--- RECORDED INFORMATION ---
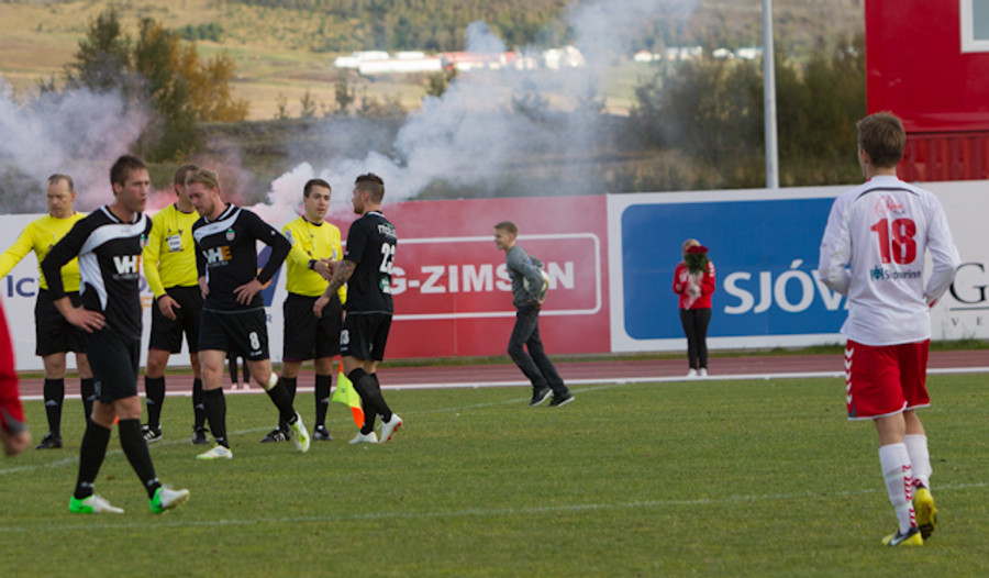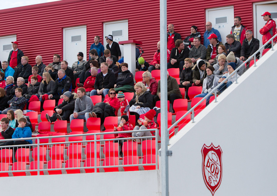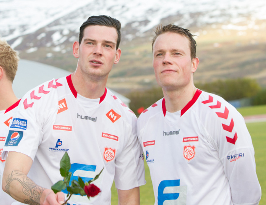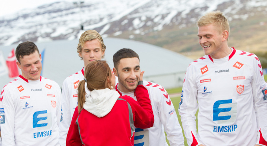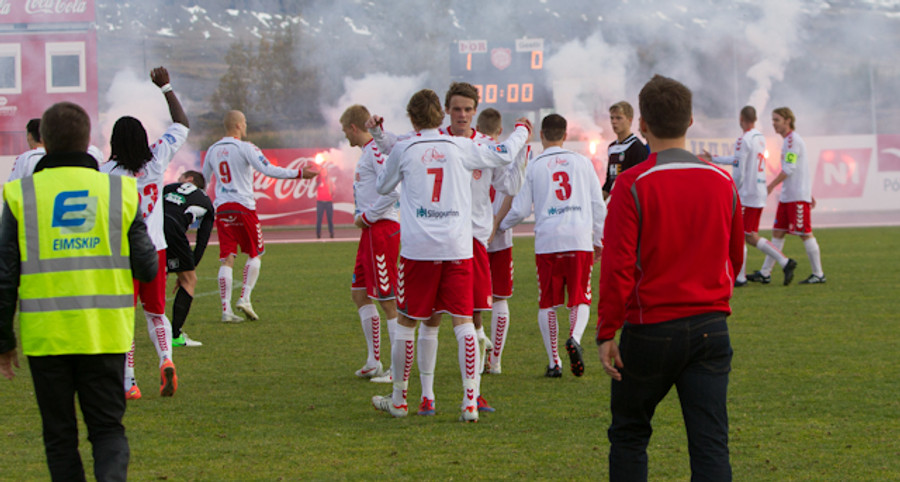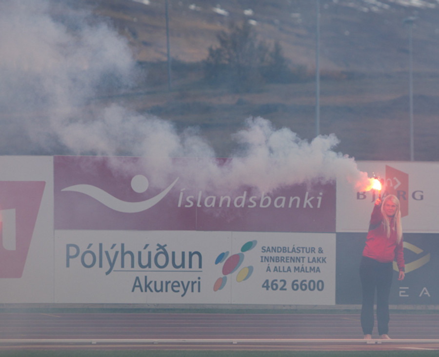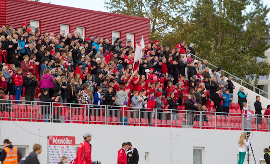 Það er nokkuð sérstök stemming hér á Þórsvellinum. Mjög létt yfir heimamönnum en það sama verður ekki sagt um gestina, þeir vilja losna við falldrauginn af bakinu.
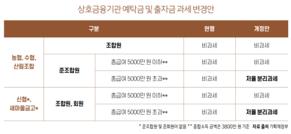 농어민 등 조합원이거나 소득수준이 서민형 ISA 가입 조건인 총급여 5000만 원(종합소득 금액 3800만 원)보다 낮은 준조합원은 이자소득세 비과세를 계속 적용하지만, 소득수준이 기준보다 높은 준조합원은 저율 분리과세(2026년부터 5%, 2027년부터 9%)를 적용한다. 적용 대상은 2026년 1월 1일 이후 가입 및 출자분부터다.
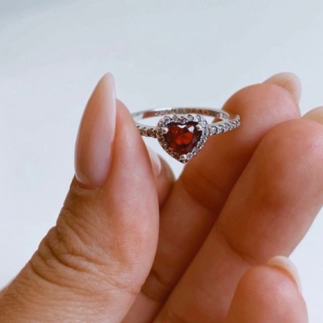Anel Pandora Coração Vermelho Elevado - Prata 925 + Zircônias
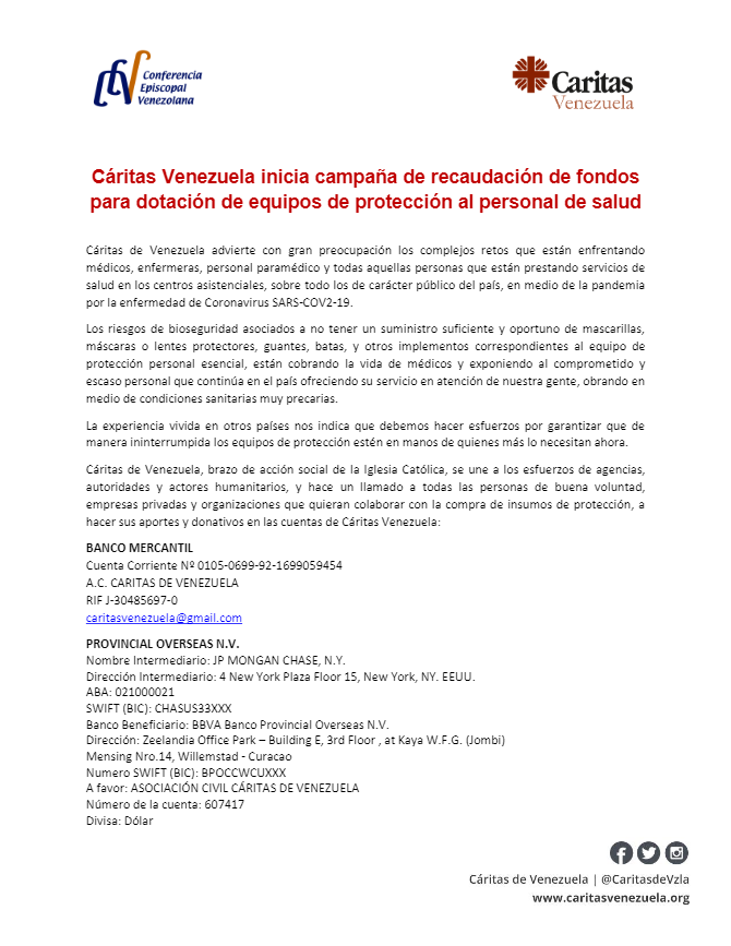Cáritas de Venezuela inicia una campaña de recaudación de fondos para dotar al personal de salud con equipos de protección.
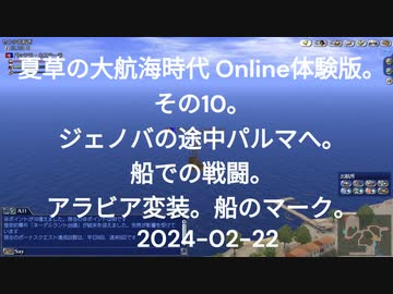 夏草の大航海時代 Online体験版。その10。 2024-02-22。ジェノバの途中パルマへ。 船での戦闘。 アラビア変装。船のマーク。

==

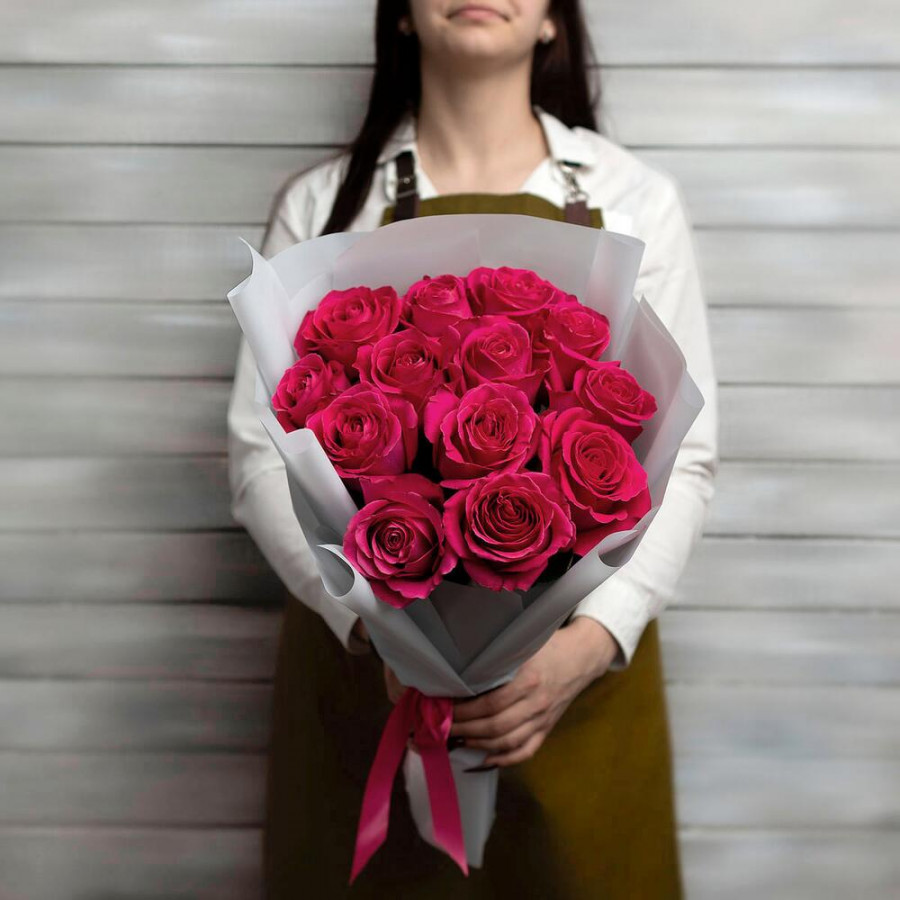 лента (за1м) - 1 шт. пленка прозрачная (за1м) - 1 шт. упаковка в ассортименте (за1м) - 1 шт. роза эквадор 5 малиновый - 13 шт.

--- WHAT THE TASK ASKS ---
Pictures in the material above should be skipped; print exactly the lines from the one with "Það er nokkuð" through the one with "夏草の大航海時代 Online体験版。その10。 2024-02-22。ジェノバの途中パルマへ。".

--- RESULT FOR THIS TASK ---
 Það er nokkuð sérstök stemming hér á Þórsvellinum. Mjög létt yfir heimamönnum en það sama verður ekki sagt um gestina, þeir vilja losna við falldrauginn af bakinu.
 농어민 등 조합원이거나 소득수준이 서민형 ISA 가입 조건인 총급여 5000만 원(종합소득 금액 3800만 원)보다 낮은 준조합원은 이자소득세 비과세를 계속 적용하지만, 소득수준이 기준보다 높은 준조합원은 저율 분리과세(2026년부터 5%, 2027년부터 9%)를 적용한다. 적용 대상은 2026년 1월 1일 이후 가입 및 출자분부터다.
Anel Pandora Coração Vermelho Elevado - Prata 925 + Zircônias
Cáritas de Venezuela inicia una campaña de recaudación de fondos para dotar al personal de salud con equipos de protección.
 夏草の大航海時代 Online体験版。その10。 2024-02-22。ジェノバの途中パルマへ。 船での戦闘。 アラビア変装。船のマーク。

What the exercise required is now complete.